After about five years, she asked her boss if he could show her Dos Pueblos Ranch so she could go there and paint.
“He gave me permission to meet with the owners, and I just fell in love with Dos Pueblos Ranch. There was a little red hunting cabin under sycamore trees and avocado orchards near a watershed with trout,” she said. “He let us move in there. We lived there for nine years. They sold the up-canyon portion to an avocado company that restored the canyon. That’s when we moved to the Santa Ynez Valley. By that time, I was painting a lot and selling with the Oak Group.”
She was commissioned to illustrate botanical watercolors in a book called “Chumash Ethnobotany” by Jan Timbrook, and the Carrizo Plain asked for her botanical paintings for its visitor’s center.
“They were printed on wood about 4 feet tall, so I had a room with printed botanicals and a big pastel painting in the main room of rain flowing over the Carrizo,” she described. “The Wildling, now called the California Natural Art Museum, produced a film about that, which John and I were both in. We were also in another film about Ray Strong. I was also on the board of the Wildling Museum.”
Her book, “Stories of Arroyo Hondo,” was published in 2016 and contained not only her art but short stories and vintage photographs about the history of the region.
“I wanted to write the history of the area in a way that was engaging and that paired with our paintings to assist the docents of Arroyo Hondo Preserve,” said Chapman.
Previously she wrote a book featuring her artwork titled “Portraits of Gaviota,” which was published in 2005.
Chapman and Iwerks are also a part of “The Tuesday Group,” a group of artists that meet every Tuesday.
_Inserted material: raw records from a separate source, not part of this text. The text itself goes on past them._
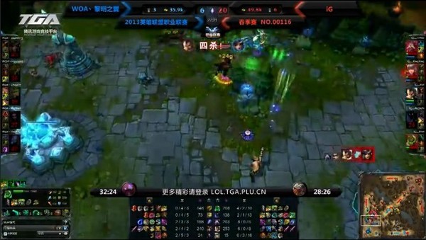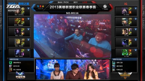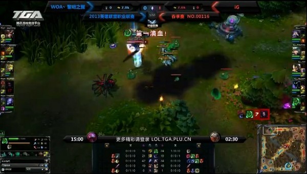 英雄联盟职业联赛春季赛第八周第三比赛日的第一场对抗由WOA迎战iG。WOA ban掉了锤石、皎月、死歌,iG ban掉了人马、小鱼人、兰博;WOA选择了皇子、鳄鱼、蜘蛛、女枪、瑞兹,iG选择了扎克、琴女、男枪、NOC、卡萨丁。
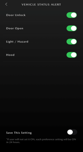 • You can individually set whether or not to receive Vehicle Status Alerts. (Setting items are different from each model.)
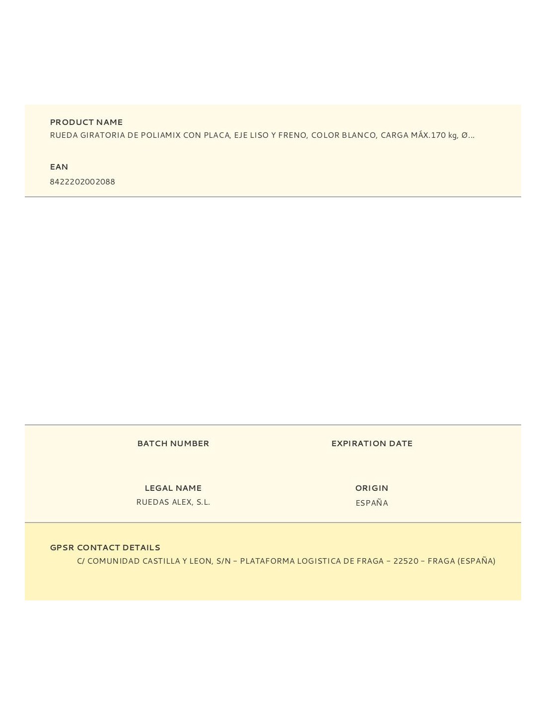 Rueda giratoria de poliamix con placa y eje liso, color blanco, carga máx. 130 kg, ø 8 cm
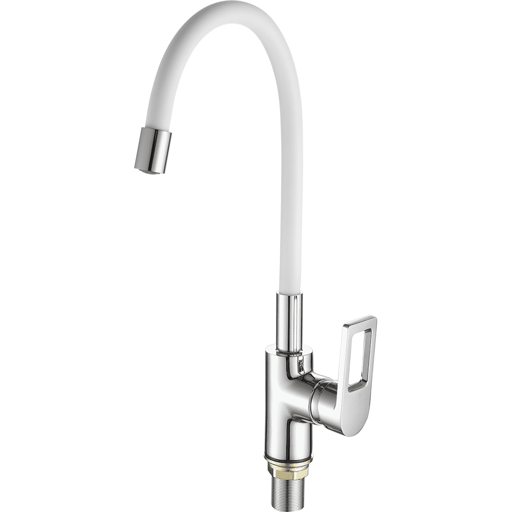 Смеситель для кухни с гибким изливом FASHUN A4253+B03, хром/белый. Управление: рычажное. Вращение излива: да. Выдвижной излив: нет. Гибкий излив: да. Высота: 40 см.
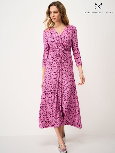 Crew Clothing Pink Flora 3/4 Length Sleeve Printed Jersey Dress
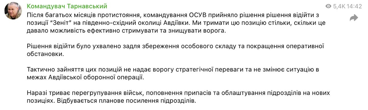 "После многих месяцев противостояния, командование ОСУВ приняло решение решение отойти с позиции "Зенит" на юго-восточную окраину Авдеевки. Решение отойти было принято для сохранения личного состава и улучшения оперативной обстановки", — написал он.

It was startedby two female artists who wanted to paint plein air, and it has since grown into a large group that meets weekly at a variety of art-inspiring locations.
When asked about her hobbies and her life in the Valley, it seems that her day-to-day life is her hobby, for the most part.
“Gardening and painting are my two favorite things to do,” said Chapman. “But a lot of my time is taken up withrunning our art business.”
“What I appreciate most about my life is that John and I are best friends and teammates and that we both appreciate the spiritual nature of our earth and beyond,” she concluded.